Recently uploaded (20)

OS-operating systems- ch04 (Threads) ...
OS-operating systems- ch04 (Threads) ...OS-operating systems- ch04 (Threads) ...
OS-operating systems- ch04 (Threads) ...
ENGLISH 7_Q4_LESSON 2_ Employing a Variety of Strategies for Effective Interp...
ENGLISH 7_Q4_LESSON 2_ Employing a Variety of Strategies for Effective Interp...ENGLISH 7_Q4_LESSON 2_ Employing a Variety of Strategies for Effective Interp...
ENGLISH 7_Q4_LESSON 2_ Employing a Variety of Strategies for Effective Interp...
How to Make a Pirate ship Primary Education.pptx
How to Make a Pirate ship Primary Education.pptxHow to Make a Pirate ship Primary Education.pptx
How to Make a Pirate ship Primary Education.pptx
call girls in Kamla Market (DELHI) 🔝 >༒9953330565🔝 genuine Escort Service 🔝✔️✔️
call girls in Kamla Market (DELHI) 🔝 >༒9953330565🔝 genuine Escort Service 🔝✔️✔️call girls in Kamla Market (DELHI) 🔝 >༒9953330565🔝 genuine Escort Service 🔝✔️✔️
call girls in Kamla Market (DELHI) 🔝 >༒9953330565🔝 genuine Escort Service 🔝✔️✔️
Capitol Tech U Doctoral Presentation - April 2024.pptx
Capitol Tech U Doctoral Presentation - April 2024.pptxCapitol Tech U Doctoral Presentation - April 2024.pptx
Capitol Tech U Doctoral Presentation - April 2024.pptx
Framing an Appropriate Research Question 6b9b26d93da94caf993c038d9efcdedb.pdf
Framing an Appropriate Research Question 6b9b26d93da94caf993c038d9efcdedb.pdfFraming an Appropriate Research Question 6b9b26d93da94caf993c038d9efcdedb.pdf
Framing an Appropriate Research Question 6b9b26d93da94caf993c038d9efcdedb.pdf
Earth Day Presentation wow hello nice great
Earth Day Presentation wow hello nice greatEarth Day Presentation wow hello nice great
Earth Day Presentation wow hello nice great
Crayon Activity Handout For the Crayon A
Crayon Activity Handout For the Crayon ACrayon Activity Handout For the Crayon A
Crayon Activity Handout For the Crayon A
Painted Grey Ware.pptx, PGW Culture of India
Painted Grey Ware.pptx, PGW Culture of IndiaPainted Grey Ware.pptx, PGW Culture of India
Painted Grey Ware.pptx, PGW Culture of India
MARGINALIZATION (Different learners in Marginalized Group
MARGINALIZATION (Different learners in Marginalized GroupMARGINALIZATION (Different learners in Marginalized Group
MARGINALIZATION (Different learners in Marginalized Group
“Oh GOSH! Reflecting on Hackteria's Collaborative Practices in a Global Do-It...

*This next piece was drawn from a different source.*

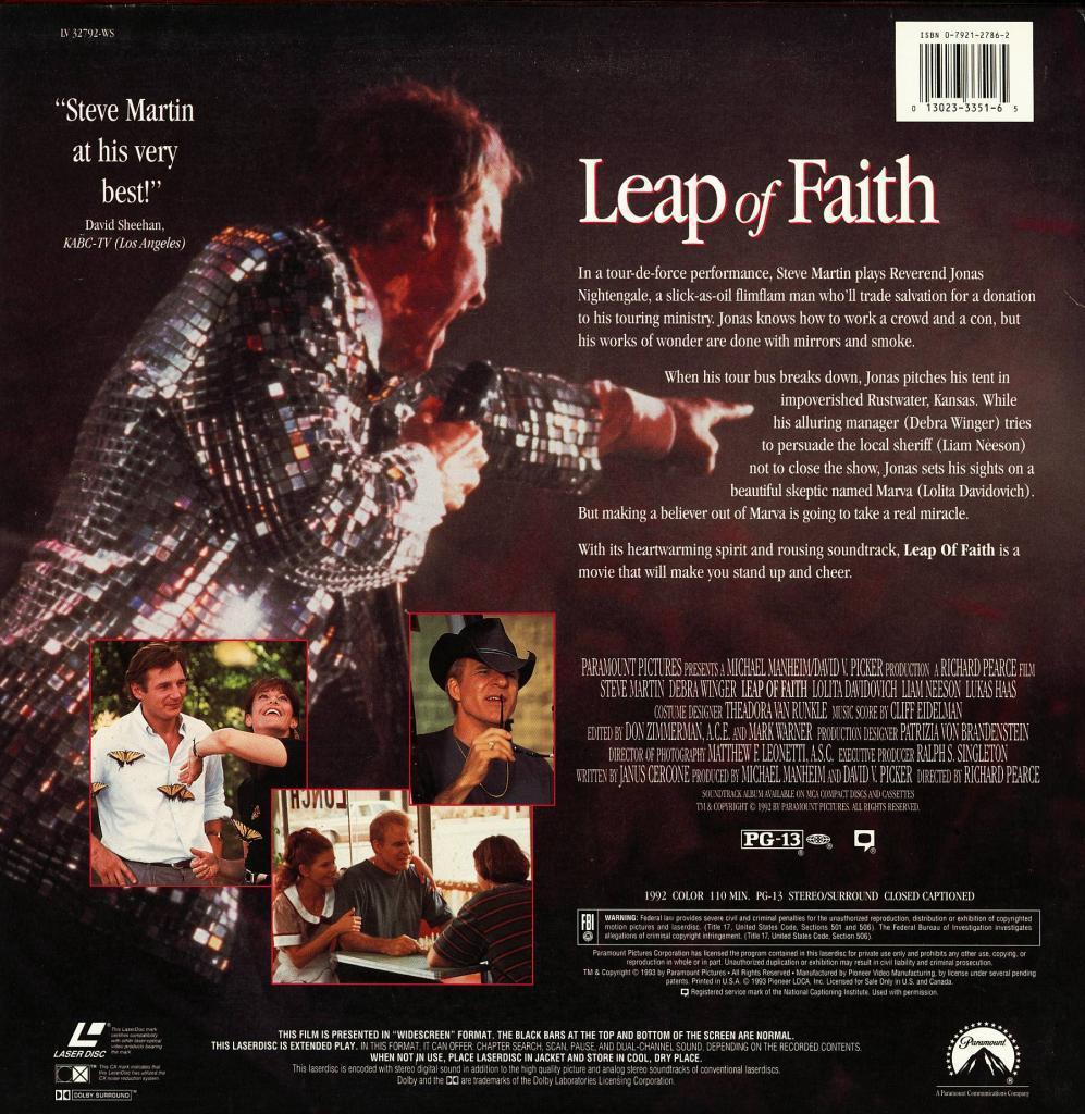 This is a previously viewed LASERDISC of the rare comedy drama classic LEAP OF FAITH, staring:

“Oh GOSH! Reflecting on Hackteria's Collaborative Practices in a Global Do-It...“Oh GOSH! Reflecting on Hackteria's Collaborative Practices in a Global Do-It...
“Oh GOSH! Reflecting on Hackteria's Collaborative Practices in a Global Do-It...

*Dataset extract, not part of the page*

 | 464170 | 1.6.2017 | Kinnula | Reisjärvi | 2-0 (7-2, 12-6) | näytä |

Procuring digital preservation CAN be quick and painless with our new dynamic...
Procuring digital preservation CAN be quick and painless with our new dynamic...Procuring digital preservation CAN be quick and painless with our new dynamic...
Procuring digital preservation CAN be quick and painless with our new dynamic...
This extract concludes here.